There’s always wordscraper. It has a couple of shortcomings (lack of blank tiles for example), but it’s pretty much the only real replacement available.

Hasbro sees Scrabulous as a Risk to their Monopoly

Hasbro, the owners of the Scrabble trademark, has sued the creators of Scrabulous.

The numbers are definitely on their side - the twin official Scrabble applications (due to other copyright reasons, the players United States and Canada have to use a different game than the rest of the world) get some tens of thousands users daily, whereas Scrabulous pulls in at least half a million players every day.

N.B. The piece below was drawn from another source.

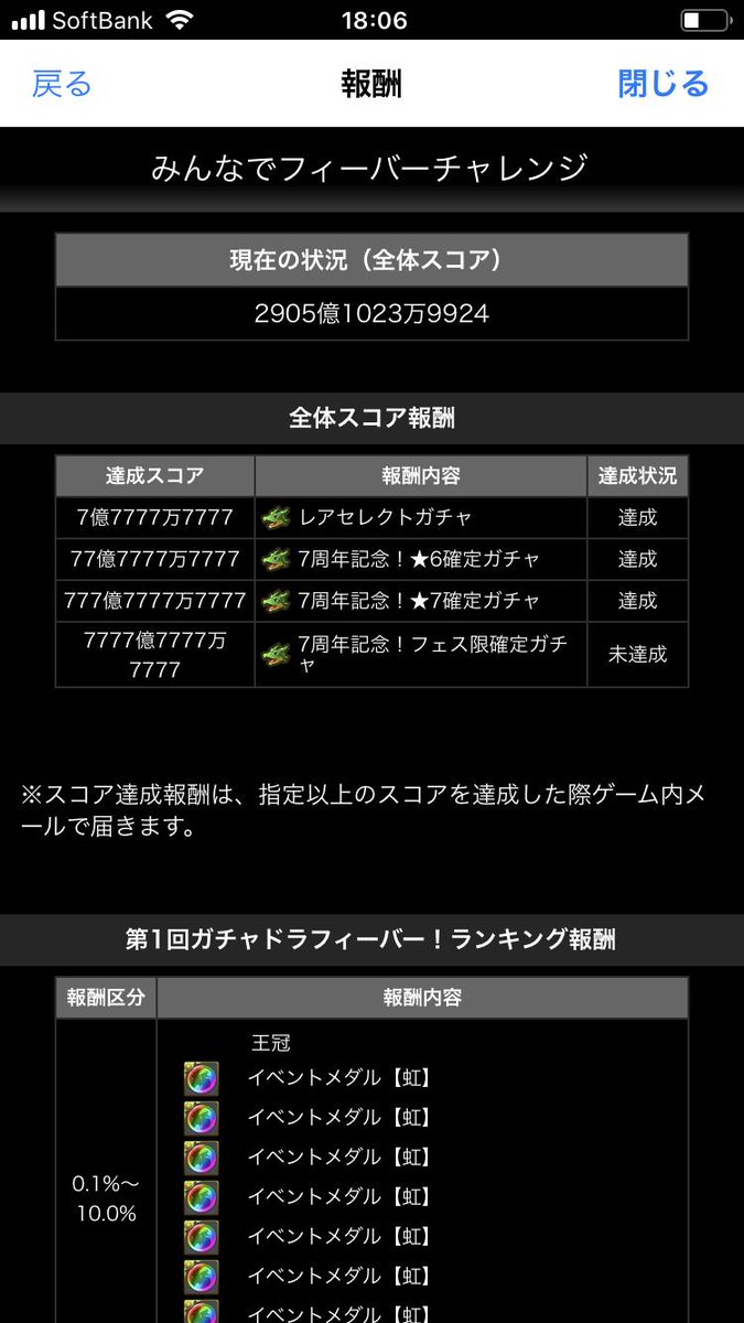 うおお!みんなでフィーバーチャレンジの全体スコア報酬達成速すぎっ!!

As the defendants, the Agarwalla brothers, are Indian and there are no tangible assets in the states, it’s pretty unclear how the case will proceed.

What if there was a smackdown, but no-one could see any of the blows?

A Facebook engineer’s rebuttal to the aging, but still very much valid Facebook is the New AOL (in the walled garden-sense) is only available to an undefined subset of Facebook users, with apparently no way to expand the audience.

Don’t get me wrong, I’m quite fond of the implausibly extending social network, but this is beyond lame.

And while I’m pretty sure that the F8 08 will feature plenty of new tools for application developers, the walls of the garden are not likely to become any more porous.

Top 100, according to the LibraryThing

I chose LibraryThing as my book management solution a while back, but haven’t really been that active in entering data.

And to delay the inevitable “let’s go shelf by shelf”-effort, I spotted a nifty related meme the other day. The newest Tuesday Thingers post challenges readers to see which of the top 100 books they own and/or have read, “top 100″ referring to the most owned books on the service.

The amount of Potters in the top ten is downright scary, but the list does get better once they’ve been passed.

The instructions are simple: bold what you own, italicize what you have read, and use * to note which books you’ve liked most.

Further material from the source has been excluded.